On Wed, 30 Mar 2011 09:15:59 -0500, "Jennings, Jared L CTR USAF AFMC 46 SK/CCI" jared.jennings.ctr@eglin.af.mil wrote:
- Get rid of the basic auth and use a form-based login
My 2cents: please keep basic auth, at least as an option. I really
dislike form-based login
Isn't authentication supposed to be just a wrapper application in WSGI, so your app doesn't have to worry about how it happens? Like "app_im_serving = authentication_wrapper(real_cobbler_app)" or somesuch?
In my environment we have to use smartcards for authentication. The effect on the server side is that an SSL client certificate is presented. Our (HTTPS only) servers must require this as part of the SSL/TLS handshake, so if an HTTP connection happens and a web app is summoned to reply with a page, the user is authenticated already, it's just a question of what they're authorized to do in Cobbler.
A successful authentication system based on our requirements should be dead easy to make - a dozen lines of Python or so - but it's essentially a third thing which isn't quite basic auth nor form-based login, and it may not legitimately be Cobbler's problem.
I think this is where we should be headed.
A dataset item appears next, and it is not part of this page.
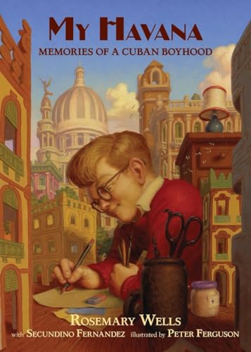 After hearing a radio interview with Fernandez, an émigré architect, Wells tracked him down and asked to collaborate on a story about his childhood, which they deliver in this short novel that brims with feeling. From a young age, Secundino, called "Dino," filled sketchpads with renderings of Havana's architecture. Until 1954, when he moves to Spain temporarily to help an ailing family member, Dino's "world is sweet" ("Havana is like another mother to me, dressed in beautiful colors with sparkling jewelry"). This sentimentality is balanced by the loss Dino feels when Castro takes over and his family leaves for good. His new home in Manhattan is initially unwelcoming ("When you fall and scrape your skin on pavement, that is how New York feels against the eye," he recalls). The solution to his homesickness is to build an elaborate model of the Cuban capital on his bedroom floor. Ferguson's illustrations are infused with a burnished ochre light, well suited to Dino's warm memories. The ending, in which Dino and a new friend ascend a fairground ride at Coney Island and spot distant land—could that be Cuba?—is supremely satisfying. Ages 7–10. (Aug.)

However, we don't make use of WSGI or any of the python frameworks in meaningful ways. Right now we kind of use Django, but not completely enough to take advantage of where it gets stuff right.
Part of the problem is that cobbler-web depends on cobbler's view of authentication and authorization. Cobbler's view of that is a bit bare bones. To do this right we would have to drive authentication deep into cobbler or somehow pull it out of cobbler completely and only have it on the cobbler-web level. I'm not entirely sure what the proper direction is.